Benchmark prices jump above €60/MWh as markets worry about LNG supply disruptions and shipping risks in the Gulf

European gas prices surged on Tuesday as escalating tensions in the Middle East rattled global energy markets and raised fears of a new supply shock.

Europe’s benchmark gas contract, the Dutch TTF, climbed above €60 per megawatt hour around midday — nearly double the levels seen just days earlier when prices were in the low €30s.

Analysts say the spike reflects concerns that the conflict involving Iran could disrupt global liquefied natural gas (LNG) flows and shipping routes in the Gulf.

“This has triggered immediate fears of reduced LNG availability to Europe, prompting a rush in spot markets and heightened risk premiums,” said Yousef M. Alshammari, president of the London College of Energy Economics.

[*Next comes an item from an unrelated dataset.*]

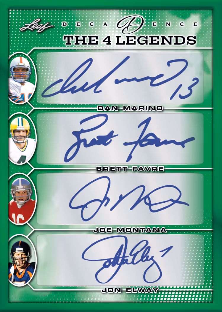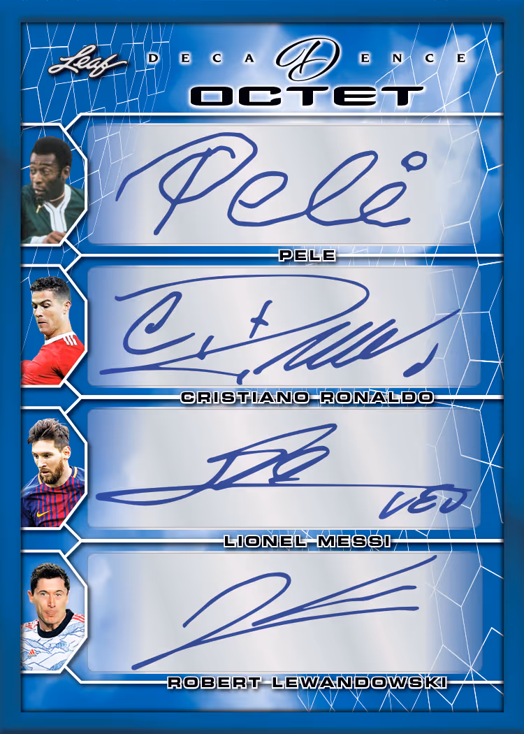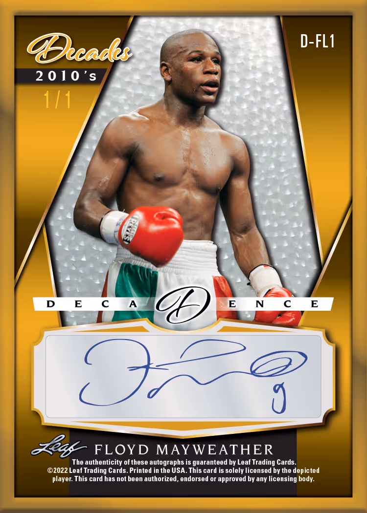 Leaf Trading Cards is excited to announce a new brand product to the Leaf Trading Cards Multi-Sport Product Portfolio with 2022 Leaf Decadence! Each card will be featured on Metal Framed Holo-Dimensional technology! Every card is numbered to 10 or less and every box gets at least one multi-signed card!!

Much of the uncertainty centres on the Strait of Hormuz, a key maritime chokepoint through which a large share of global energy supplies passes. Any disruption to tanker traffic could quickly tighten global LNG markets.

While Europe has significantly reduced its reliance on Russian pipeline gas since Russia’s full-scale invasion of Ukraine in 2022, the shift toward seaborne LNG has created new vulnerabilities. The continent now depends more heavily on global shipping routes and spot cargoes, meaning geopolitical tensions can rapidly affect supply and prices.

Qatar alone accounts for roughly 12–14% of Europe’s LNG imports, making developments in the Gulf particularly important for European energy traders.

A report by the Brussels-based think tank Bruegel noted that although Europe is less dependent on Gulf energy than major Asian economies, it would still feel the impact of any disruption.

Even limited supply interruptions could trigger price spikes as European buyers compete with Asian importers for available LNG shipments.

The surge in wholesale prices is also raising concerns about consumer energy bills. Analysts say a prolonged period with prices above €50–60 per megawatt hour could eventually translate into higher electricity and heating costs.

However, many households and small businesses are on fixed or regulated tariffs, meaning any price increases would likely take several months to appear. Europe’s gas storage levels also add to market anxiety. EU inventories are currently around 30% full — lower than at the same point last year — while stocks in countries such as Germany and France are hovering in the low-20% range.

If the conflict continues for weeks or months, economists warn the price shock could ripple through the wider economy.

Energy-intensive industries such as chemicals, steel, fertilisers, glass and paper manufacturing would likely be among the hardest hit, particularly in countries including Germany, Italy and the Netherlands.

Governments may ultimately need to reintroduce targeted support measures to shield vulnerable households and businesses if prices remain elevated.